Stream specifications identify resources necessary for ingesting the content of CSV files and messaging systems' messages into HADatAc's Knowledge Graph. An STR is made up of three tables (sheets) inside of a spreadsheet: InfoSheet, FileStream, and MessageStream.
Infosheet
The Infosheet is used to identify a study, an optional global (semantic) data dictionary, and a pointer to the data acquisition table. An example Infosheet template is shown below.
Attribute | Value |
---|---|
Study_ID | study name (without the "STD-" prefix) |
Global_SDD | SDD name (without the "SDD-" prefix) |
Stream_protocol | (To be used with message streams) Type of message stream: "mqtt" or "http" |
Stream_IP | (To be used with message streams) IP address of the stream |
Stream_Port | (To be used with message streams) Port number of the stream |
Stream_Topic | (To be used with message streams) Top-level label used to retrieve the full payload of a message stream |
FileStream | Fixed value of "#FILESTREAM" |
MessageStream | Fixed value of "#MESSAGESTREAM" |
File Stream
Column Header | Column Description |
---|---|
da name | a name-template for selecting incoming files or the IP address of a messaging broadcaster |
data dict | the data dictionary of choice for processing the file(s) |
deployment uri | URI of deployment originating data file's content |
cell scope | cell level scope (see explanation below in this section) |
owner email | the email address of the person who is the actual owner of the data |
permission url | permission policy for accessing the data |
da name: This field is used when specifying file streams.

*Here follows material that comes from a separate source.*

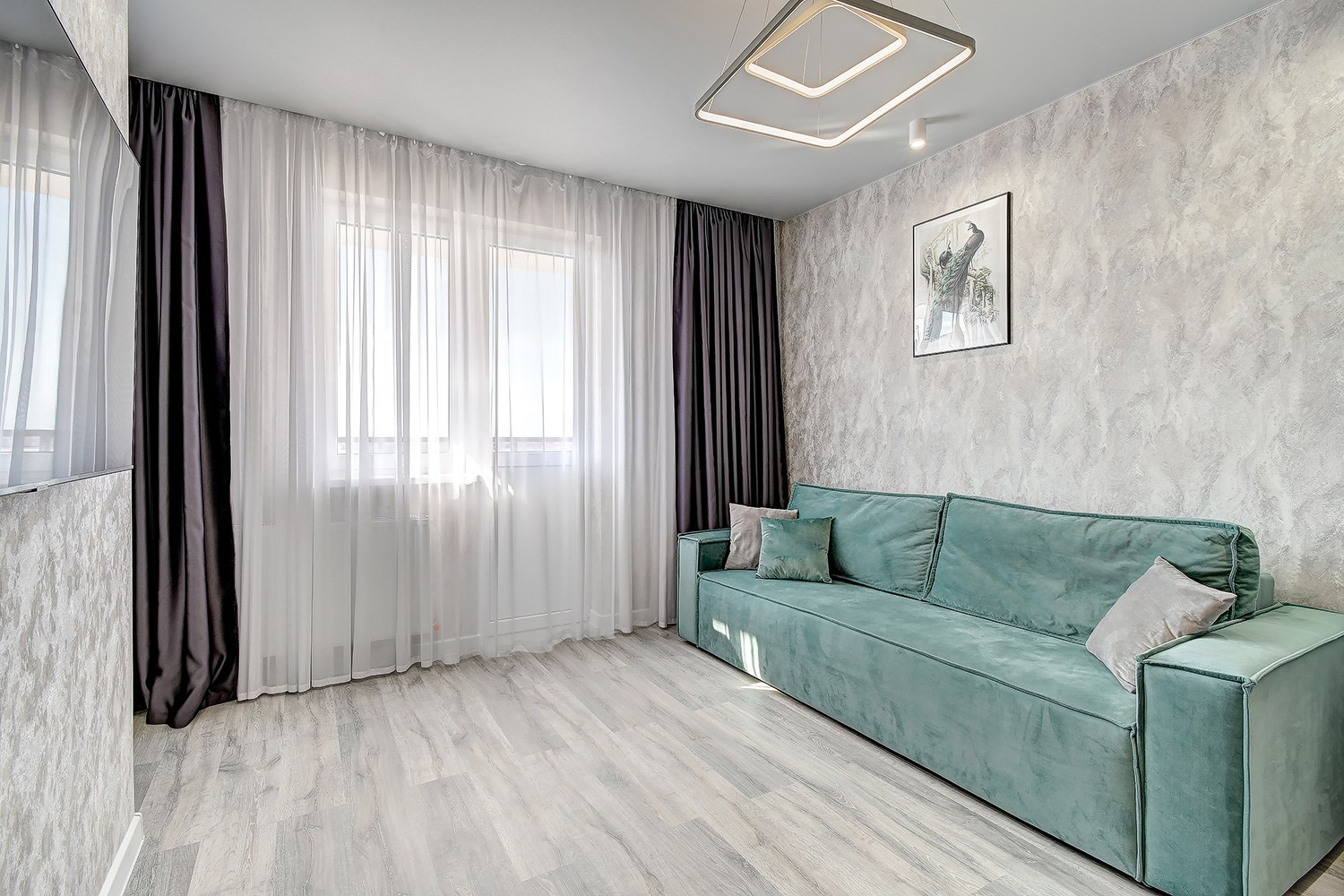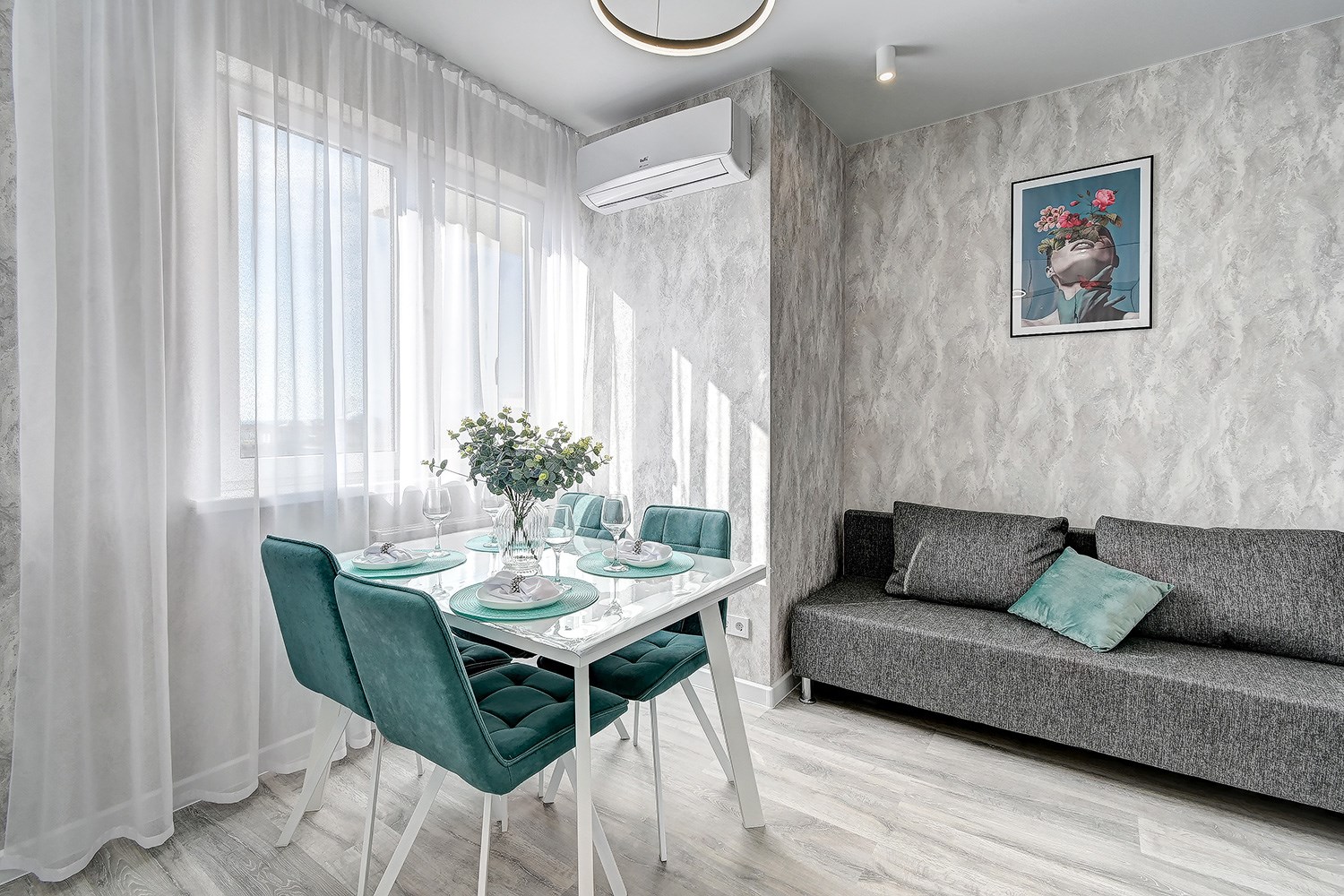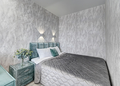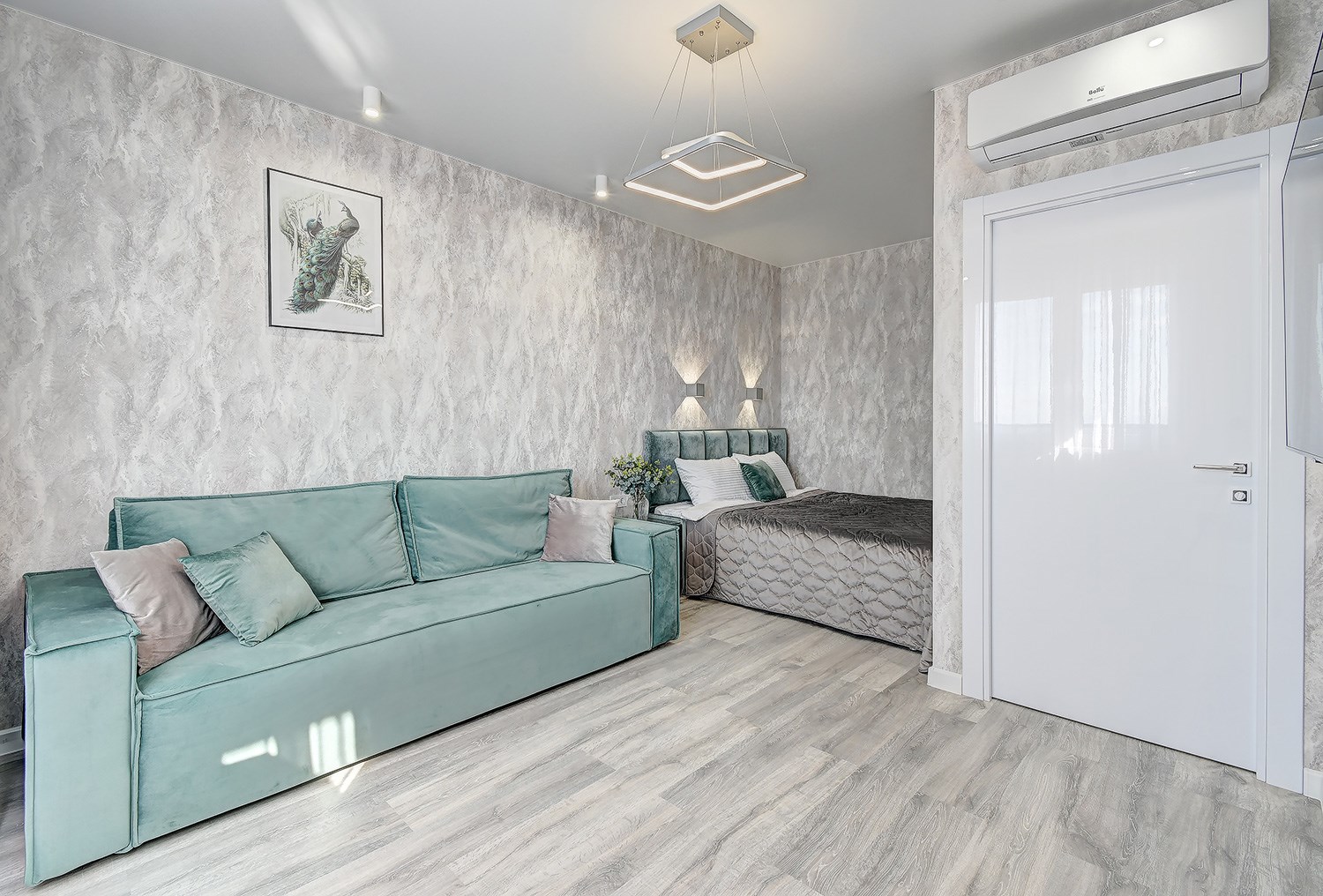 В номере: вешалка, диван, зеркало, кровать двуспальная, прикроватные тумбочки, стол, стулья, шкаф, микроволновая печь, набор посуды, плита электрическая, сплит-система, стиральная машина, телевизор, холодильник, электрочайник

An STR file identifies a common ‘prefix’ that is assigned to a given collection of data files that are going to have the same owner, same study, and most important, be ingested using a common SDD. For instance, let say that we have files named "File1.csv" and "File2.csv", and that both files need to be ingested using SDD-ABC.xls. In this case, we can do all the following:
- Create an STR file with da name=‘Z’ and data dict='SDD-ABC';
- Rename File1.csv to "DA-Z-1.csv";
- Rename File2 to "DA-Z-2.csv";
- Submit SDD-ABC.xls for ingestion;
- Submit DA-Z-1.csv for ingestion;
- Submit DA-Z-2.csv for ingestion.
data dict: The data dictionary of the STR identifies the SDD document that describes how objects identified during the parsing of the SDD file content map to object types. The precise identification of which object is mapped to each value is specified by the row-scope attribute and cell-scope attribute described below.
deployment uri:The URI of a deployment(specified in a DPL file)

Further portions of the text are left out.